# Alimentador para taladro destornillador a baterias



## idoru (May 19, 2015)

Hola,

Antes que nada, soy aficionado al soldador pero de electrónica se poquito y como se suele decir la ignorancia es atrevida 

Llevo tiempo buscando y no he encontrado solución concreta así que perdón por anticipado si pregunto algo que ya está resulto en otro sitio.

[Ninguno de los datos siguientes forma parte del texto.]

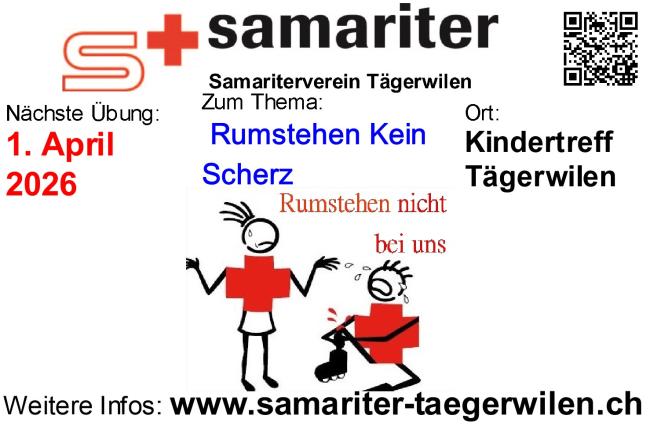 Die nächste Monatsübung des Samariterverein Tägerwilen und Kreuzlingen findet am 1. April 19:30Uhr in Tägerwilen statt.
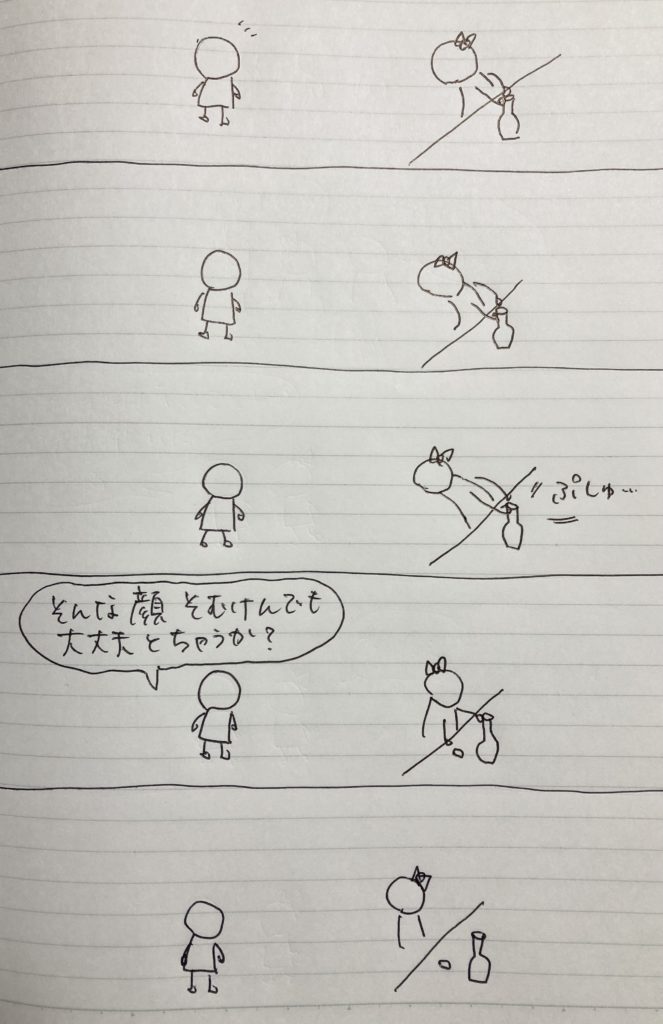 私「あぁ、寒そうに丸まってるんやったら、水から上がったらええのに…と思うて」

Dispongo de un taladro atornillador eléctrico a 12V. que como todos termino sus días cuando las baterías le empezaron a fallar. Busque aquí y en otros sitios y gracias a vuestros consejos mediante un transformador de alógenos de 12V 4A y un puente rectificador volvió a funcionar como en sus mejores días por poco más de 6 euros.

Con el tiempo he ido acumulando diversas herramientas eléctricas en la misma situación, ya que es más barato comprar una nueva en cualquier oferta que cambiar las baterías. Y me he planteado repetir el experimento pero conseguir transformadores distintos a 12 V de tanto amperaje no es ni fácil ni barato.

Por ello me pregunto: 
Es posible reducir el voltaje de este transformador a las salidas más comunes 2.4, 3.6, 7.2, 9 y fabricar una especie de sustituto universal de baterías?
Por las diferencia de voltaje y por tratarse de un motor descarto cualquier resistencia, he leído que se puede conseguir con diodos en cadena, con triacs y hasta con integrados reguladores como el lm317 pero adecuados a estas potencias (hablamos de 4 a 5 A o más en  un pico) pero no he obtenido nada en claro.

No me planteo una fuente de pc, ni una regulable estabilizada por coste, tamaño y porque creo que para un motor no esta justificado una salida tan precisa.

Se agradece cualquier idea y recordar que no soy ningún experto 

Gracias a todos


----------



## Jorge Luis Alonso Labrada (May 19, 2015)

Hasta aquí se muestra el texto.